While disease is understood as a process within the body, disability should be understood not in the context of the body rather it should be understood in the context of inaccessibility in the environment (“Disability: Health, Well-Being, and Personal Relationships”). Creating this distinction shows that disability and health are two distinct entities rather than relations (“Disability: Health, Well-Being, and Personal Relationships”). When disability and disease are presented as inseparable, it becomes extremely difficult to counter medical interventions that aim to eliminate the “unhealthy” variation (“Disability: Health, Well-Being, and Personal Relationships”). As Simi Linton writes in Claiming disability, we need to, “challenge… the notion that disability is primarily a medical category” (Linton). In doing so, we can better educate ourselves to make informed decisions when faced with health care decisions concerning disability.
Works Cited
Bernal, Jane. “Consent and People With Intellectual Disabilities: The Basics.” Intellectual Disability and Health, 4 May 2016, www.intellectualdisability.info/how-to-guides/articles/consent-and-people-with-intellectual-disabilities-the-basics.
Davis, Alison. “A Disabled Person's Perspective on Euthanasia.” Disability Studies Quarterly, 2004, dsq-sds.org/article/view/512/689.
“Disability: Health, Well-Being, and Personal Relationships.” Stanford Encyclopedia of Philosophy, 2016.
Ervin, David A. et al. “Healthcare for Persons with Intellectual and Developmental Disability in the Community.” Frontiers in Public Health 2 (2014): 83. PMC. Web. 4 Apr. 2018.
“Healthcare Treatment Decision-Making Guidelines for Adults With Developmental Disabilities.” Center for Practical Bioethics, 1996.
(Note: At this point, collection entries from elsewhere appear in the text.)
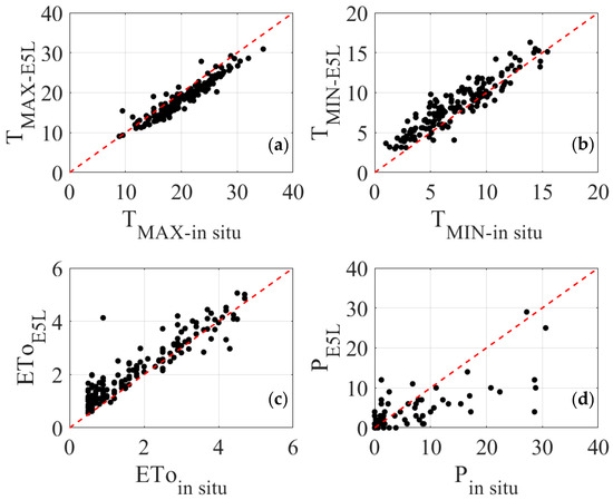 Comparison between (a) daily maximum temperature, (b) daily minimum temperature, (c) daily crop reference evapotranspiration, and (d) daily precipitation depth registered by the standard weather station installed in the field and retrieved by the reanalysis data; the dashed red lines represent the 1:1 line (perfect match).
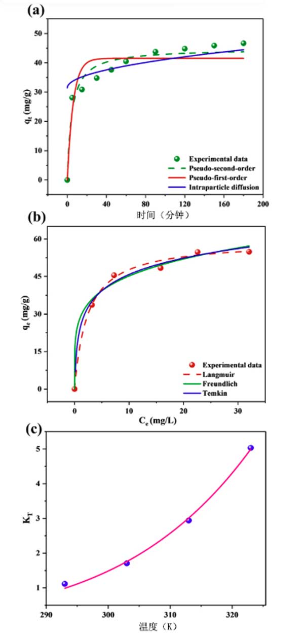 圖3:(a)吸附動(dòng)力學(xué),(b)吸附等溫線和(c)van't hoff圖,用于吸附Cr上的活性炭上。
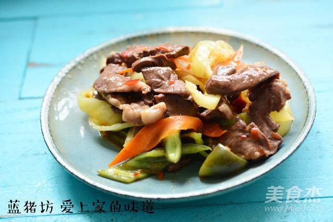 轉大火放入腌制好的豬心,翻炒到豬心變色
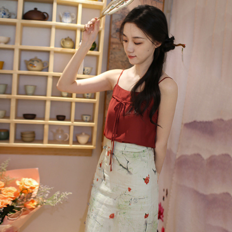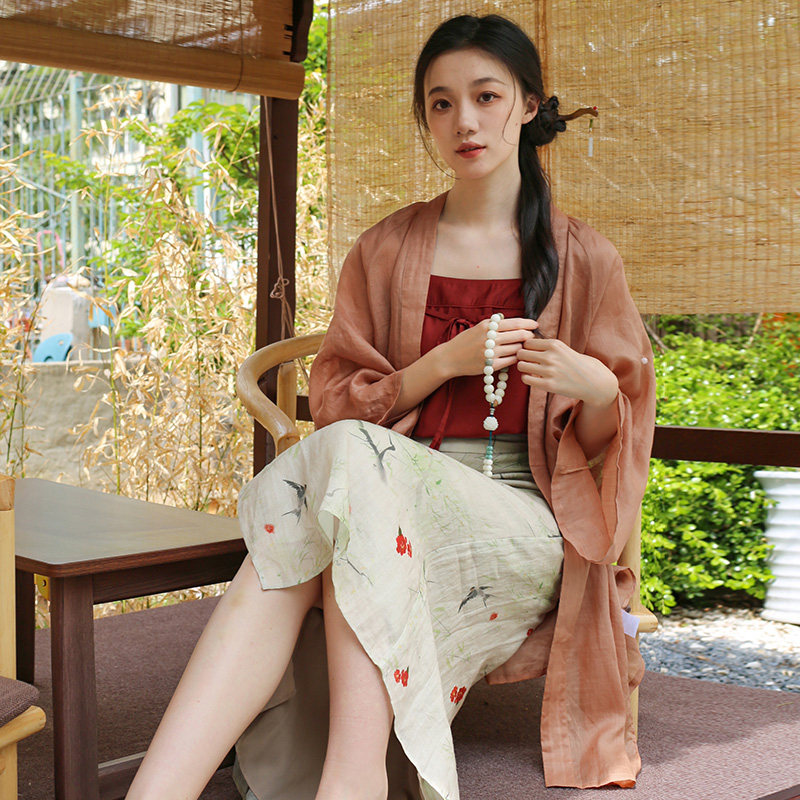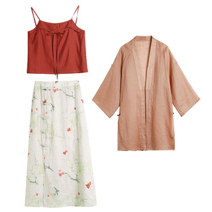 新国风开衫 朱颜浅 素套装 复古改良日常通勤汉元 吊带加半裙 新中式
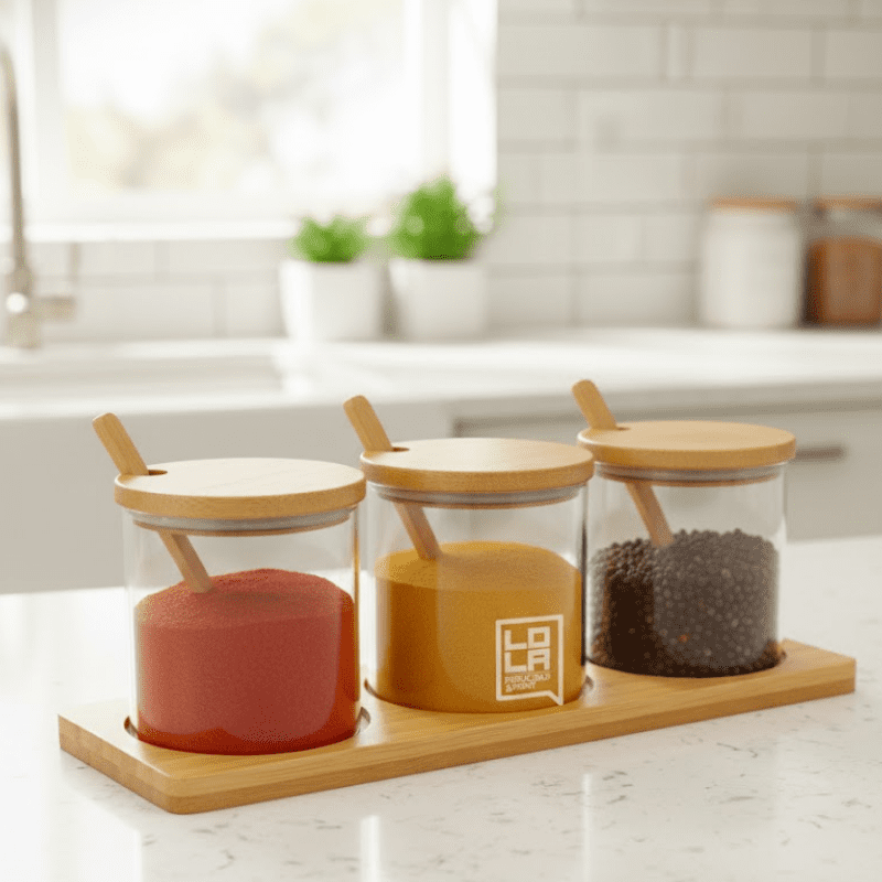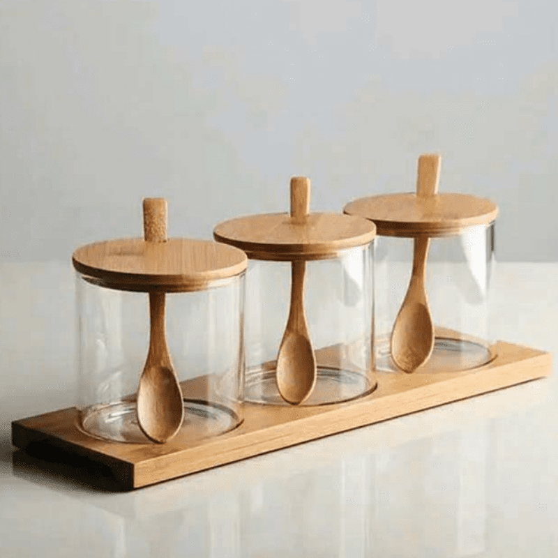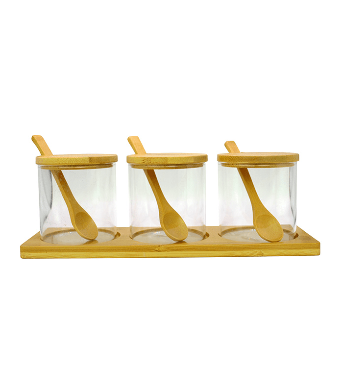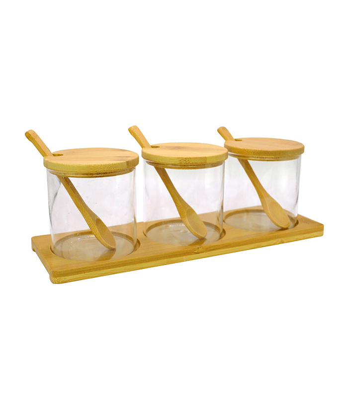 Juego de 3 recipientes con tapa de bambú y cuchara.
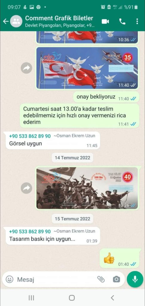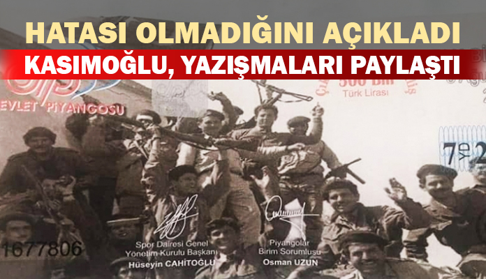 Devlet Piyangosu’nun 8 Ağustos tarihli çekilişinde yer alan EOKA görseliyle ilgili suçlanan Comment Grafik isimli matbaanın sahibi Mehmet Kasımoğlu, görevden alınan Piyangolar İdaresi Müdürü Osman Uzun ile söz konusu görseli onayladığına dair yazışmalarını sosyal medya hesabından paylaşarak, kendisinin bu olayda bir hatası olmadığını açıkladı.
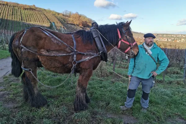 C’est grâce à la précieuse collaboration de Nicolas et Luc nos salariés, toujours prêts à nous épauler, que Pierre-Yves peut concilier sa passion pour les chevaux et ses responsabilités au sein du domaine. Début décembre, les formateurs Cécile et Pierre Simler de la Ferme Ebba d’Albé, sont revenus pour accompagner Pierre-Yves et Koko dans leur évolution. Koko est non seulement un excellent travailleur, mais aussi un compagnon fidèle qui apporte une touche de poésie à notre quotidien, c’est un vrai plaisir pour Pierre-Yves de faire équipe avec lui.
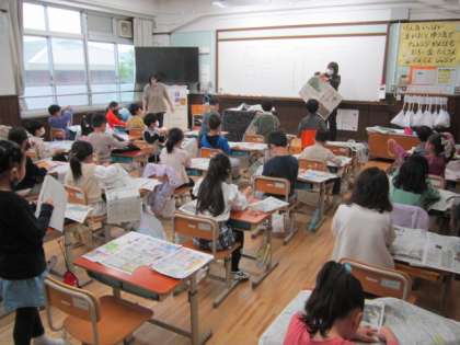 「途中で切れることなく、どれだけ長く新聞紙を指で切れるかな?」と言いながら、新聞紙を細く長く切っていました。
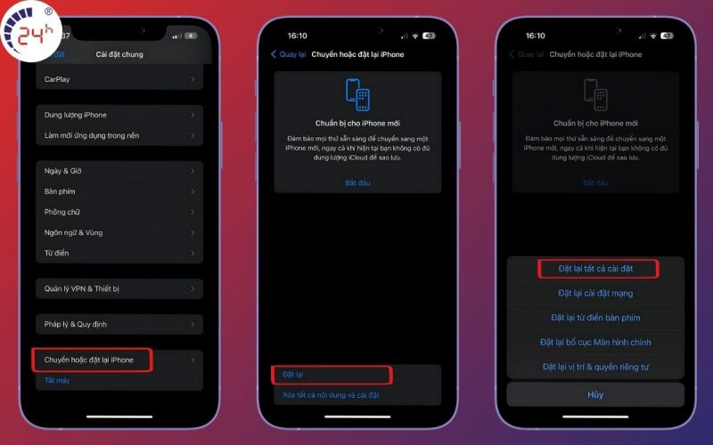 - Tìm và chọn mục Chuyển hoặc đặt lại iPhone > Đặt lại > Cuối cùng, chọn "Đặt lại tất cả cài đặt" (Reset All Settings).
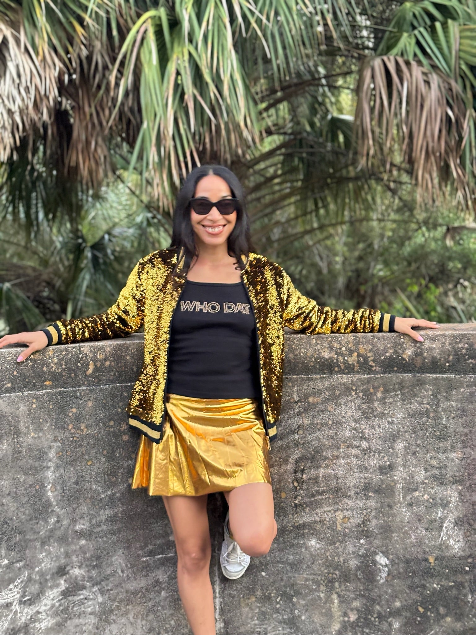 Get ready to shine (literally) with our Adult Metallic Skort in Gold! Perfect for game day or a Mardi Gras parade, this skort features a metallic fabric that will catch everyone's eye. Plus, the shorts underneath have pockets for ultimate convenience. Show off your playful side (and your game day spirit) with this quirky and fun skort!
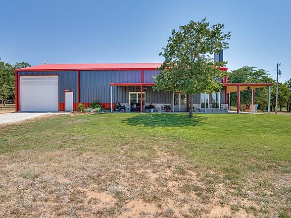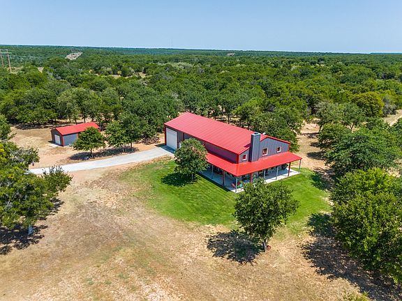 Enjoy over 12 acres of peaceful country living just west of Fort Worth. This thoughtfully designed home offers two bedrooms, two bath, plus a spacious loft that could be converted to a third bedroom, home office, or flex space. Open-concept living blends modern comfort with rustic charm and features fully foam-insulated construction for excellent energy efficiency. A wide front porch provides the perfect place to relax and take in expansive views and quiet sunsets. The chef’s kitchen includes a farmhouse sink, quartz countertops, oversized island, walk-in pantry, and custom shaker-style cabinetry. The primary suite features a spa-inspired bath with freestanding soaking tub, oversized walk-in shower, double vanity, and generous walk-in closet. Abundant storage is found throughout the home, along with a versatile loft offering additional living space. An oversized double-door garage includes 220-volt outlets suitable for RV or equipment hookup. Located just 2 miles from the Lake Palo Pinto boat dock, offering convenient access to fishing, boating, and weekend recreation.
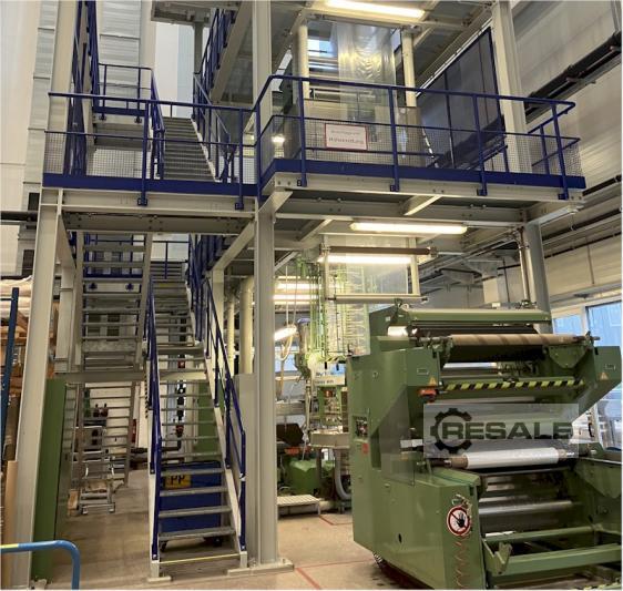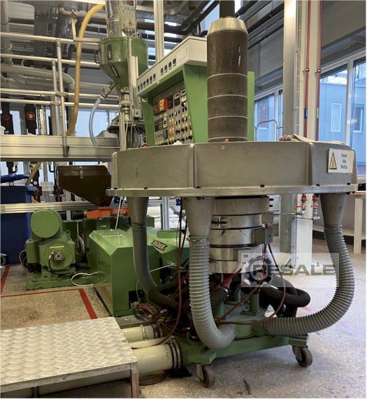 Gebrauchte Windmoeller + Hoelscher Blownfilm 60/1300. Folienextrusionsanlage: Laboranlage mit nur 7000 Bertriebsstunden. Die komplette Anlage ist von W&H (Windmöller & Hölscher). Der Wickler ist von Fa. A/S Svend Knudsen Maschinenfabrik Sämtliche Heizungsregler sind vor 4 Jahren erneuert worden. Extruder: 60/30D , Materialien: PE und PP , Ausstoß: bis 100kg/h , Düsendurchmesser: 200mm , Düseneinsätze für Lippenspalt von: 1.0, 1.2, uns 2.0mm , Gebläse für Innen- und Außenkühlung, IBC (InnerBubbleCooling) Abzugsgeschwindigkeit bis 100m/min , Folienbreite: 600mm bis 1300mm , Wickler: Fabrikat: Falcon MSG1200/1 Wickler mit 2 Wickelstationen, Wickelwellen: 3" . komplette, massive Bühne: 3 Etagen, alle Teile verschraubt. (nichts geschweißt!)
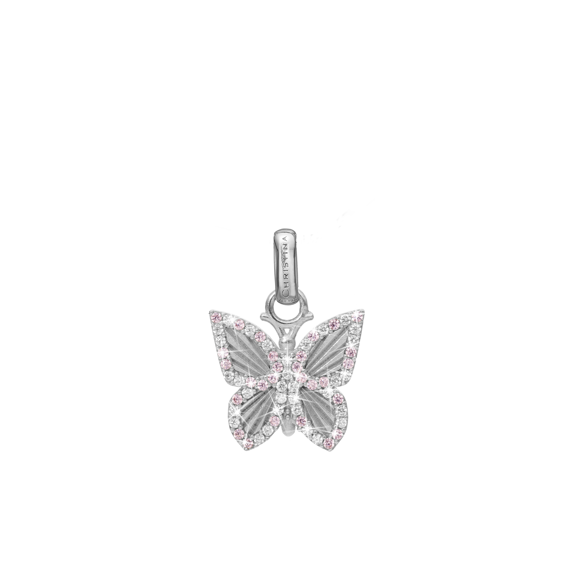 Pretty Butterfly Earring Pendant - Polished Sterling Silver with 32 Pinke Cubic Zirkonia

Horner-Johnson, Willi, and Danielle Bailey. “Assessing Understanding and Obtaining Consent from Adults with Intellectual Disabilities for a Health Promotion Study.” Journal of policy and practice in intellectual disabilities 10.3 (2013): 10.1111/jppi.12048. PMC. Web. 4 Apr. 2018.
Keyword, Kirsty, and Margaret Flynn. “Healthcare Decision-Making By Adults with Intellectual Disabilities: Some Levers To Changing Practice.” Intellectual Disability and Health, 3 May 2016, www.intellectualdisability.info/changing-values/articles/healthcare-decision-making-by-adults-with-intellectual-disabilities-some-levers-to-changing-practice.
Linton, Simi. Claiming Disability: Knowledge and Identity. New York University Press, 2010.
“Rejecting Rights: The Disability Critique of Physician Assisted Suicide.” Special Issue Social Movements/Legal Possibilities, by Katharina Heyer, 2011.
“Taking Life: Humans.” Practical Ethics, by Peter Singer, University Press, 1993.